Another Summer Photographs by Terri Weifenbach. Published by The Thunderstorm Press, 2009.
Terri Weifenbach's
Another Summer is a delicate and unassuming book, even before one opens it. Her ninth volume of photographs and her first with The Thunderstorm Press, the 5"x7.25" hardbound volume appears to contain a small collection of poems or slim novella. Such an outward guise is highly appropriate, reflecting the loosely narrative, lyrical series of images contained within.
Printed full-bleed and given no more textual introduction than the title page, Weifenbach's images present an at-first seemingly standard summer: children, toys, food and drink, silhouettes and shorelines. The muted palette and soft focus of most images create a sense of moments slowly slipping on, a nostalgia for the present as much as the past. Some of the images certainly reflect a sense of summery escape from the 'real-time' of urban or suburban life; Weifenbach offers views of the vacation home, the Sprite on the table, the SUV ready to disembark for the canoeing trip. However,
Another Summer seems to refer to more than just one summer in a series of summers, additionally suggesting a secondary, parallel view of a season already well-laden with images.

Another Summer, by Terri Weifenbach.

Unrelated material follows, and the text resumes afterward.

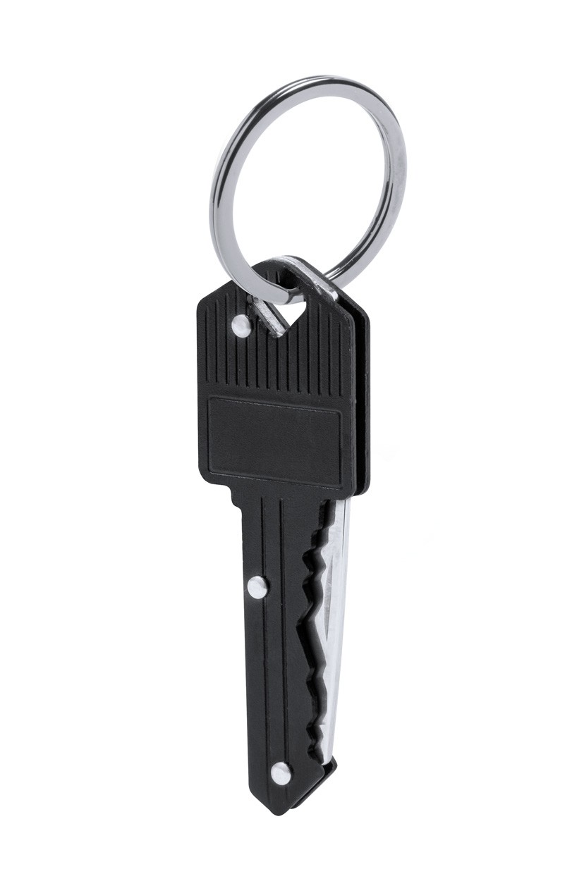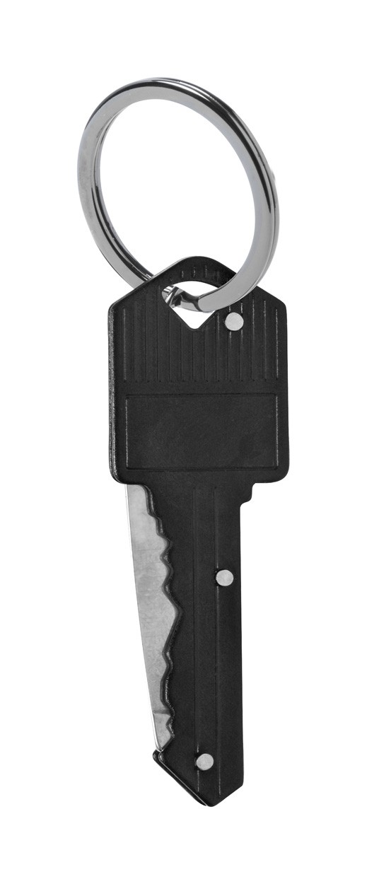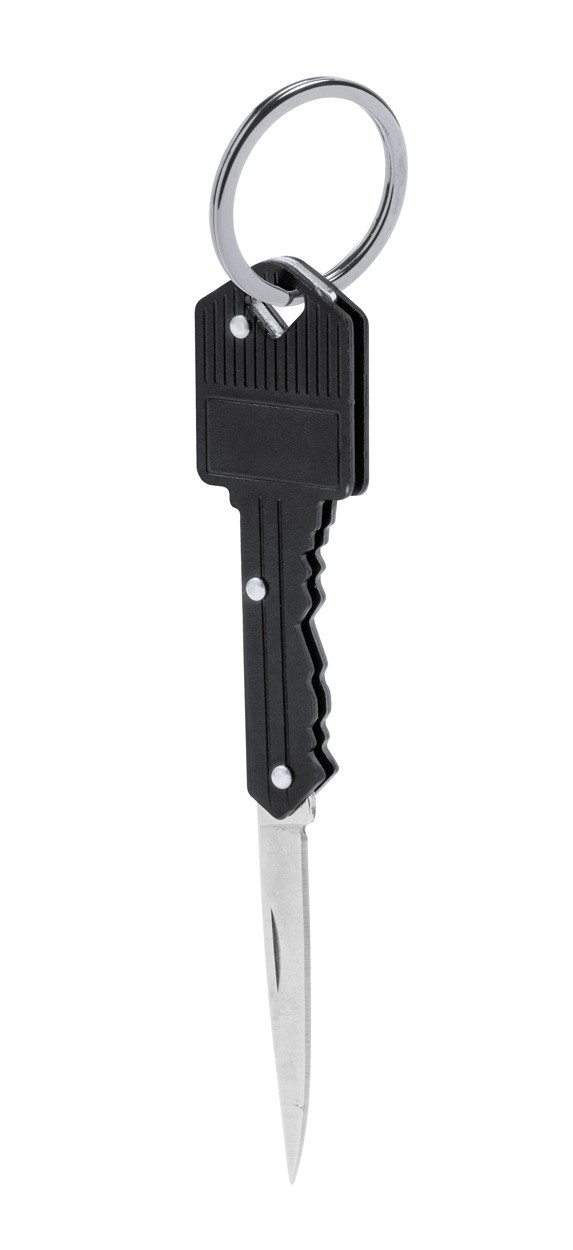 Key shaped pocket knife in aluminium and stainless steel, with keyring.

Published by The Thunderstorm Press, 2009.

Another Summer, by Terri Weifenbach. Published by The Thunderstorm Press, 2009.

Another Summer, by Terri Weifenbach. Published by The Thunderstorm Press, 2009.
The second-to-last image does away with all implicit explorations of merely passing time. A child crouches on the bed, one book laying open before him, another set of pages opened in his hands. His gaze appears deep, yet only possibly pensive. It is unclear whether his consideration is elsewhere or on the images in the book he holds, neither does the image make clear what is on the pages. Similarly, a two-page spread earlier in the book shows a man in shadow at a waterfront window, gazing through binoculars at a horizon that the photograph reveals only dimly. These images suggest that Weifenbach's concern is not solely a photography of looking at, the suspension of a single subject in a frame of time. Instead,
Another Summer posits looking at itself as subject, a manner of seeing in which each photograph compiles slowly and hazily, gathering in the stretch of days and glow of afternoon light.